Task prompt: Below, locate the line that contains "IT之家 8 月 7 日音讯". Repeat exactly from that line to the line that contains "- Выходное напряжение, В", inclusive, leaving out the pictures.

Records for this exercise:
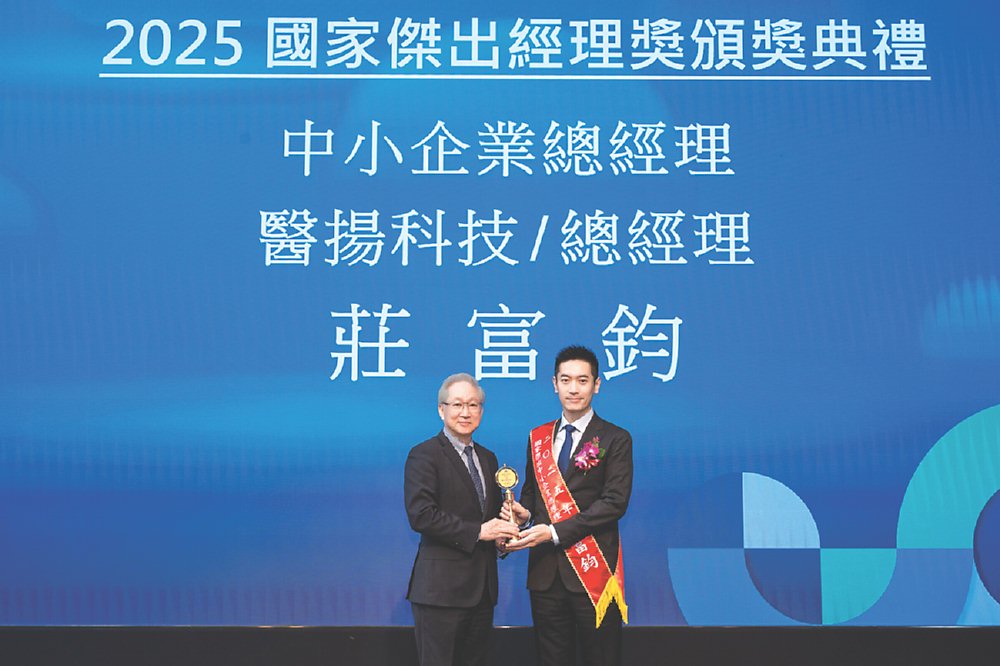醫療電腦大廠醫揚科技(6569)總經理莊富鈞,榮獲中華民國企業經理協進會主辦的第43屆「國家傑出中小企業總經理獎」,為今年醫療科技領域少數獲此國家級肯定的總經理代表。
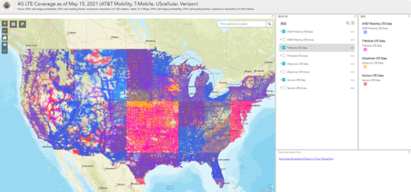 IT之家 8 月 7 日音讯 美国联邦通信委员会 (FCC) 发布了其首个移动宽带掩盖图。该东西可让用户比较美国四大运营商的 4G LTE 和语音掩盖区域,显现无线下载和上传速度别离至少为 5 Mbps 和 1 Mbps 的位置。
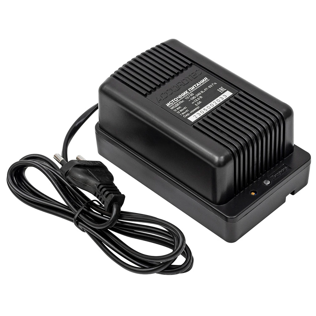 - Выходное напряжение, В (регулировка): 12,6 (регулируется 11 В – 13,5 В ± 5%)
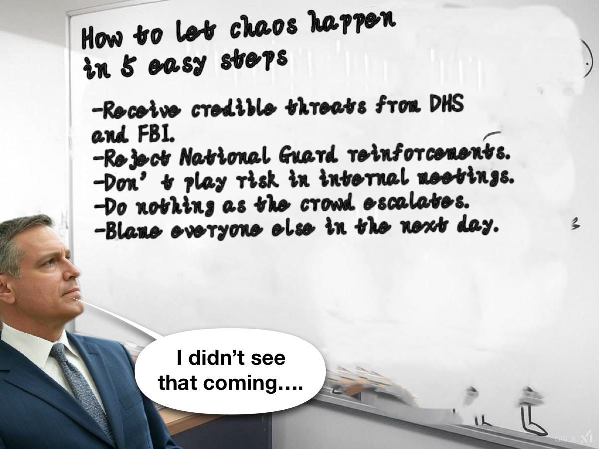 If we’re going to hold people accountable, we need to be specific.We need to understand—a government that’s actually trying to protect its citizens doesn’t "fail" at every level simultaneously. They don’t ignore intelligence. They don’t block security reinforcements. They don’t let an event unfold when they have the power to stop it. And they sure as hell don’t immediately weaponize their own inaction to justify mass arrests, censorship, and an expanded security state.
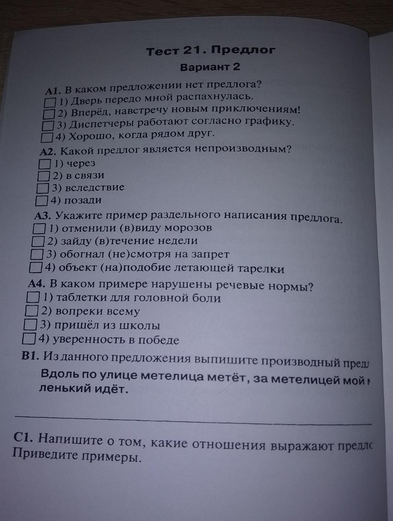 С1) 1 пример:предлоги могут выражать различные отношения между словами в предложени: пространственые,временые,причинные,целевые,меры и степи,объектные и другие...
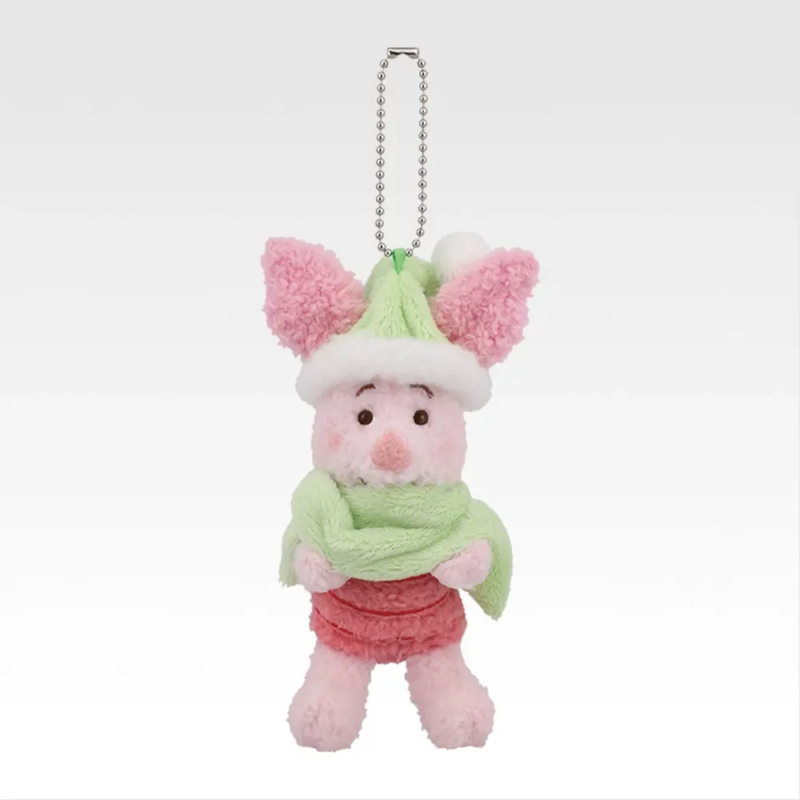 あたたかそうなマフラーと帽子を身に着けたピグレットのかわいらしいぬいぐるみマスコットです。マフラーをきゅっと握りしめているかわいらしいポーズにも注目です♪
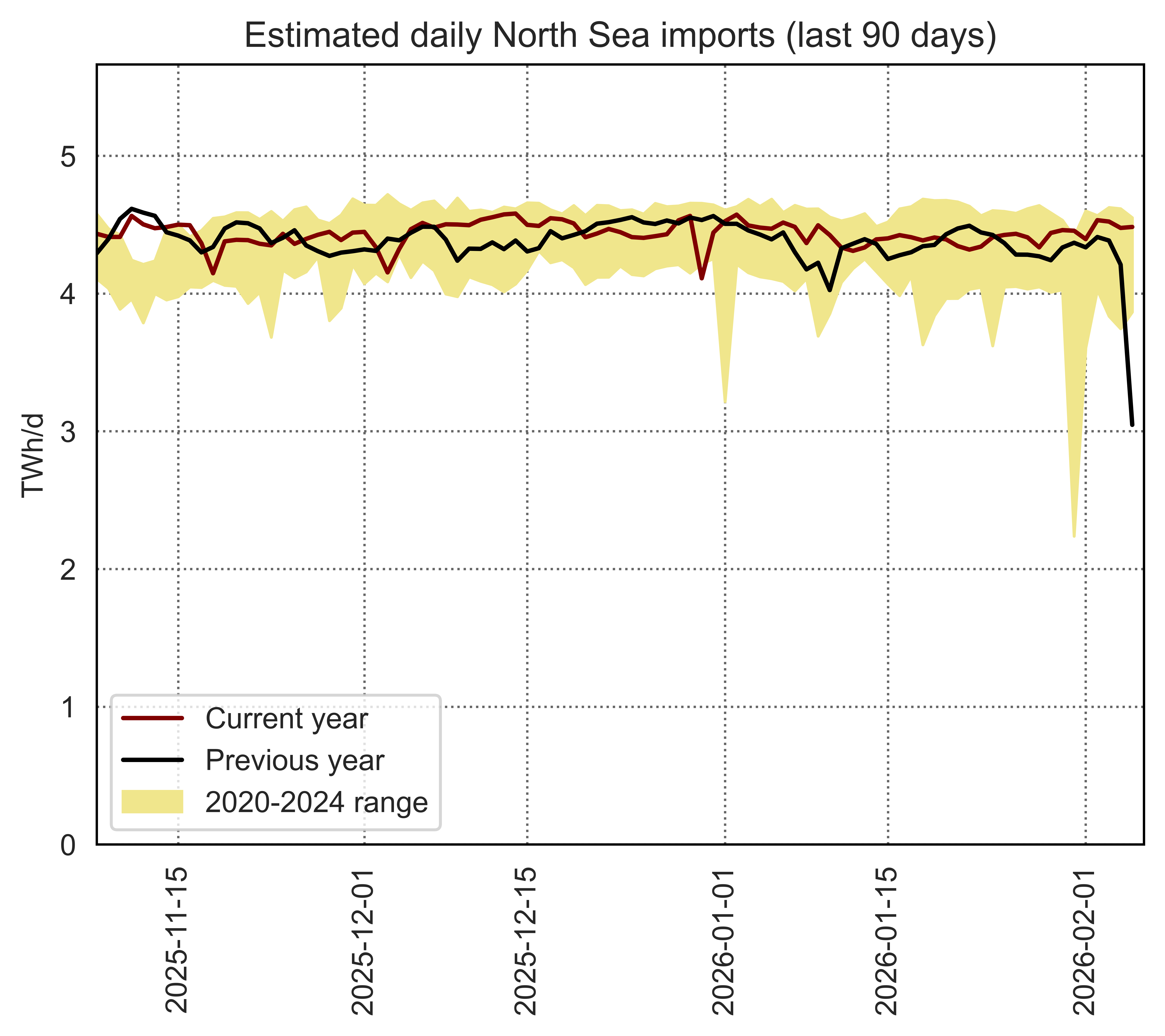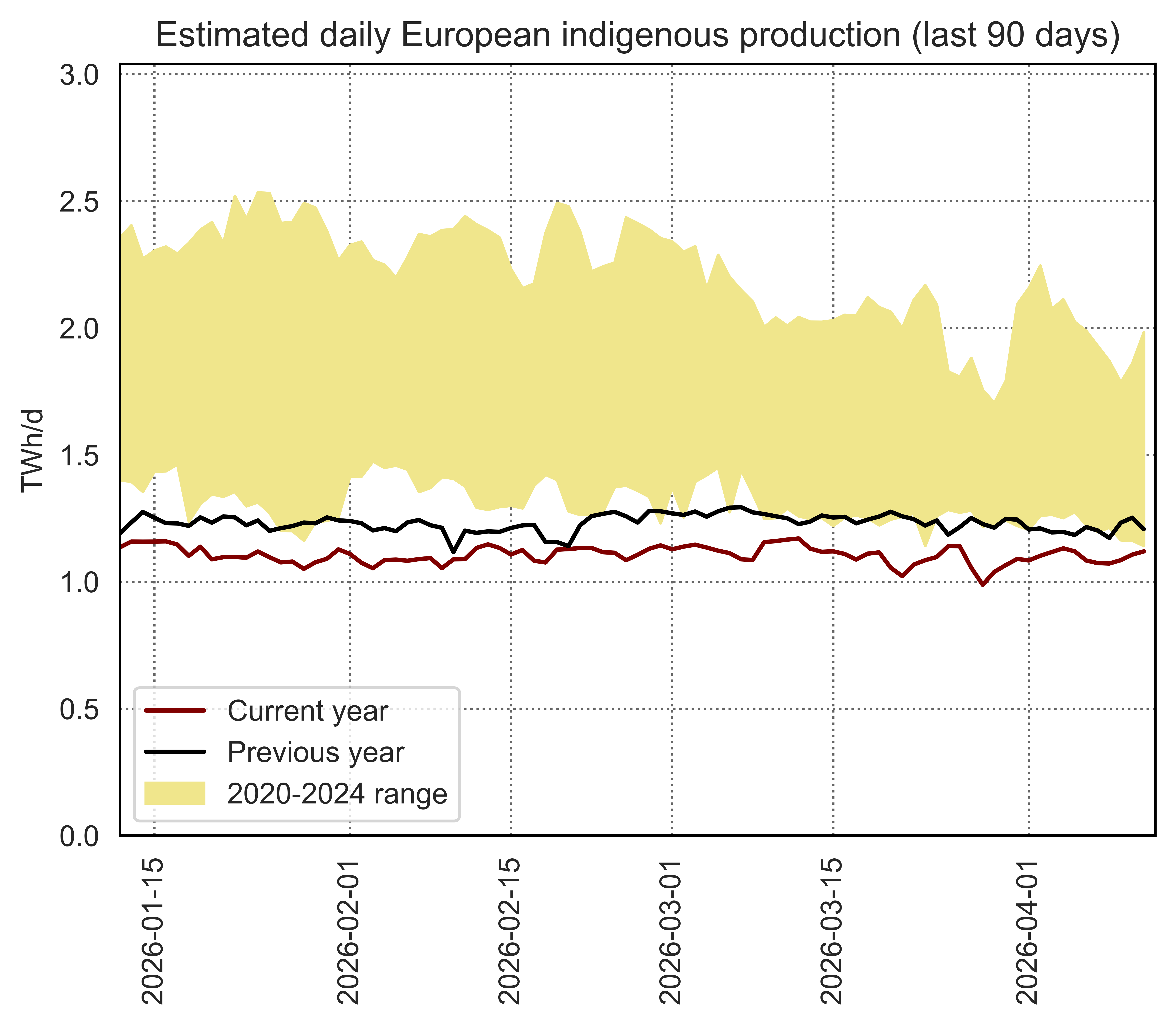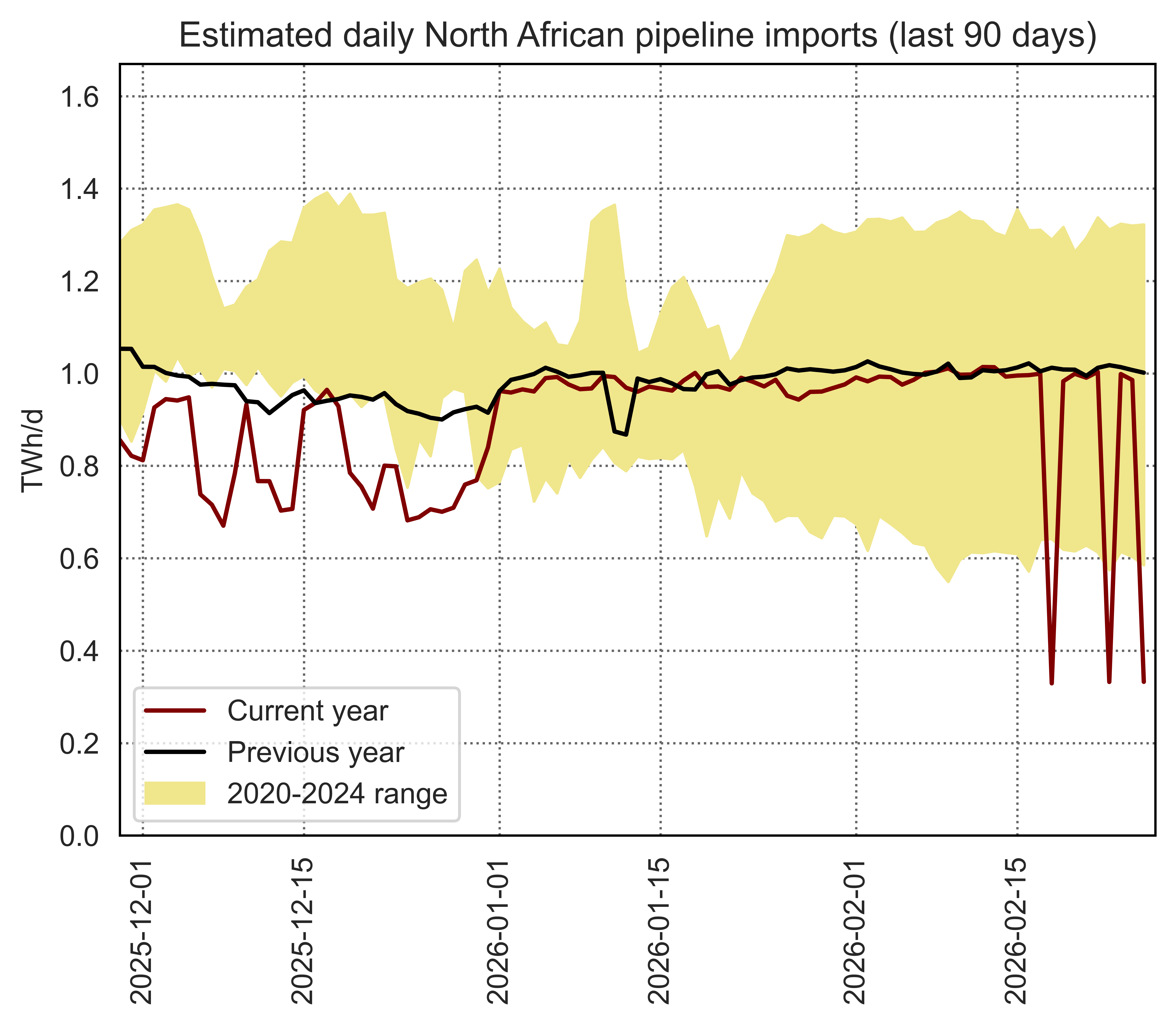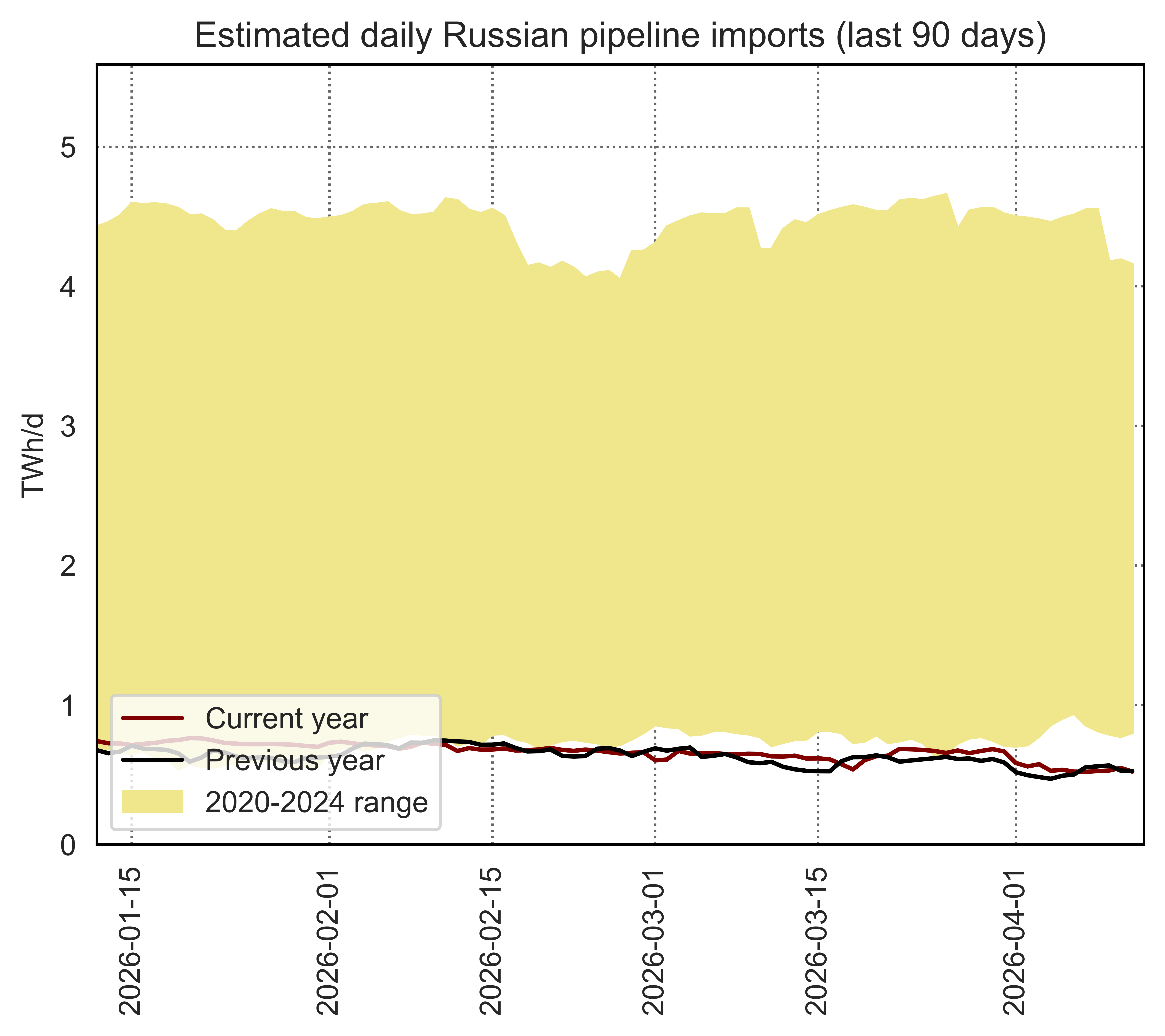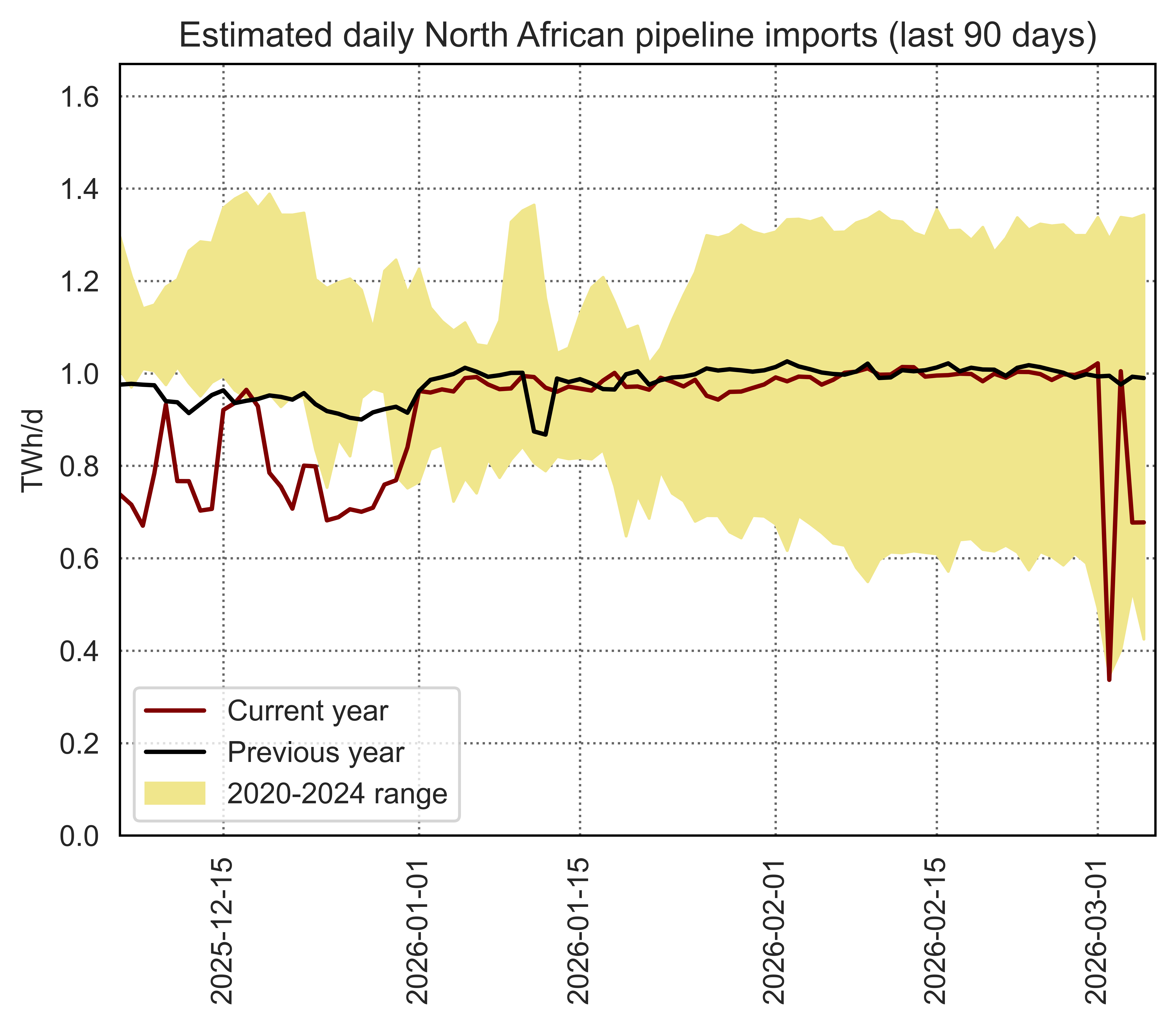 Estimated apparent consumption, calculated by summing all import flows and subtracting all export flows (including storage injections and withdrawals)

Answer to this problem:
 IT之家 8 月 7 日音讯 美国联邦通信委员会 (FCC) 发布了其首个移动宽带掩盖图。该东西可让用户比较美国四大运营商的 4G LTE 和语音掩盖区域,显现无线下载和上传速度别离至少为 5 Mbps 和 1 Mbps 的位置。
 - Выходное напряжение, В (регулировка): 12,6 (регулируется 11 В – 13,5 В ± 5%)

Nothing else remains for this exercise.